You may be a smoker and not even know it

Will Parliament pass the Tobacco Control Bill in its current form? (Photo Credit: WHO)
©WHO Study backs proposed smoking ban
©WHO Study backs proposed smoking ban

The Human Sciences Research Council (HSRC) recently conducted a national study among 25,532 people to track patterns of disease and death, as well as risk factors for both. As part of the study, about half of participants also underwent a physical examination, and about a quarter completed both a physical exam and submitted blood samples.

Researchers found that while only about 16 percent of the study reported being current smokers, elevated blood levels of cotinine – a chemical found in tobacco – were present in almost a third of all participants. High cotinine levels in non-smokers indicate dangerous exposure to tobacco smoke through occasional smoking, use of other tobacco products or second-hand smoke.

According to Deputy HSRC Executive Director Priscilla Reddy, second-hand smoke is responsible for ten percent of the six million tobacco-related deaths recorded worldwide each year. She added that children are especially vulnerable.

Minister of Health Dr Aaron Motsoaledi has proposed an amendment to the current Tobacco Control Act that will ban smoking in all public places,including outdoor restaurants and beaches. The public smoking ban is expected to come into effect before the end of this year. According to Reddy, this may address a current gap in legislation.

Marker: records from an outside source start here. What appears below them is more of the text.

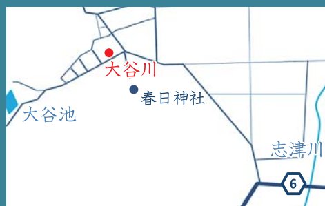
3 大谷川 福井市和田町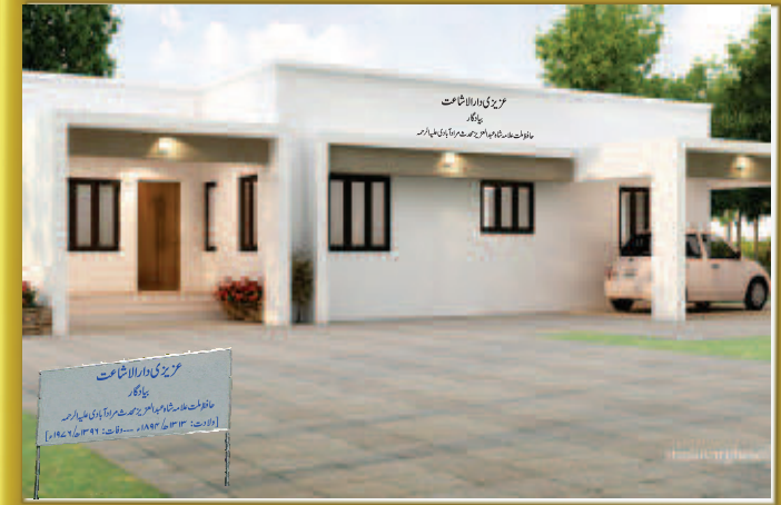
[صورة مقترحة لدار النشر العزيزية]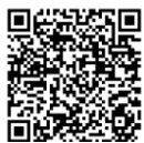
5類への移行について/県HP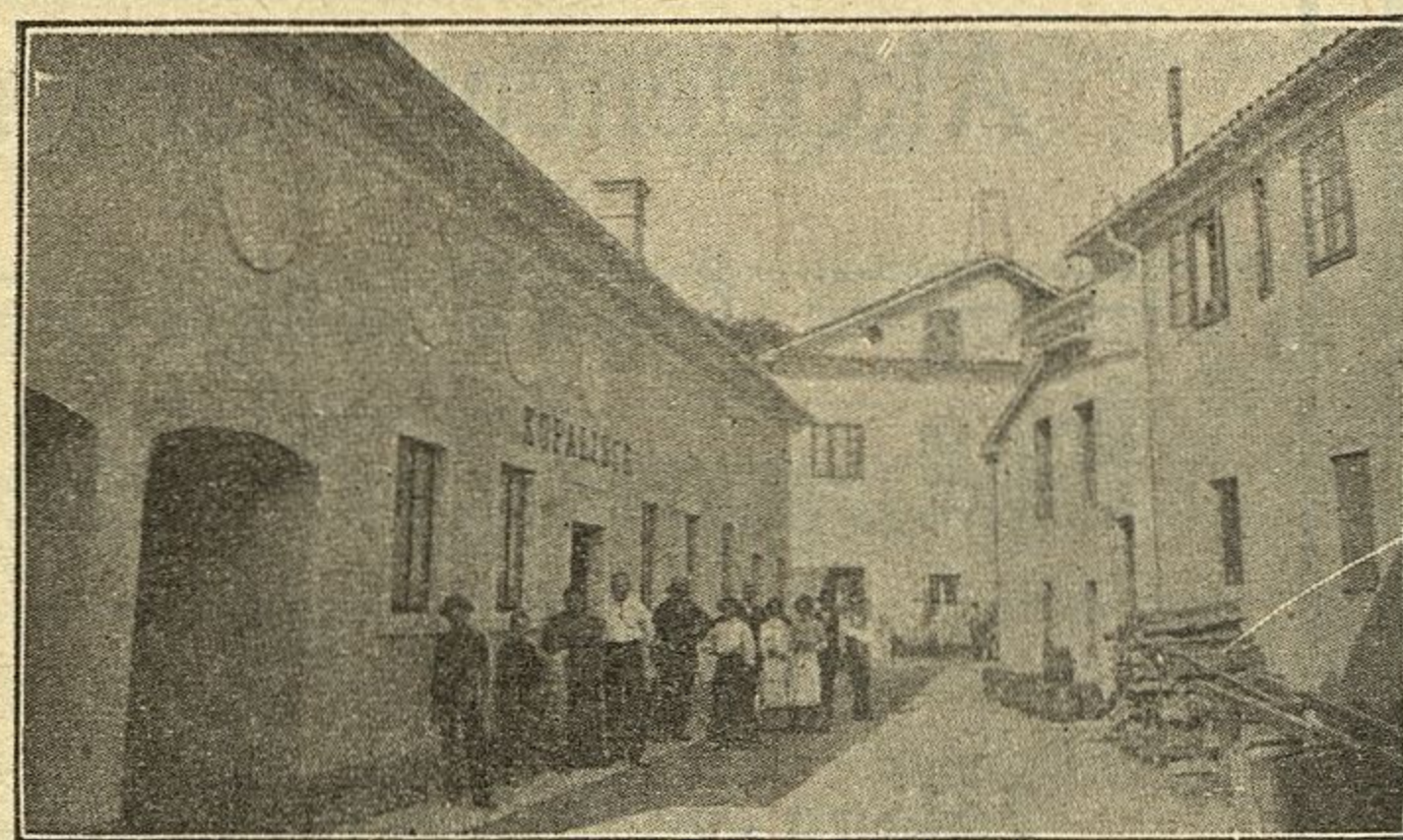
Najnovejše moderno opremljeno kopališče tik hotela.

“There is a gap in the enforcement of the law that results in people being exposed to tobacco smoke in public places,” said Reddy, referring to that fact although the law limits smoking to designated areas, this is often not enough to prevent non-smokers from being exposed to second-hand smoke. “[The results of this study] strongly suggest that there is an urgent need to protect the public by a 100 percent ban on smoking in public places.”

The HSRC study also found that almost half of all current smokers had tried to quit and that an equal proportion reported warning labels on cigarettes made them think about quitting. Overall, the study found that the number of people who smoked had also fallen by about 50 percent since the study was first conducted in 1993. – Health-e News Service.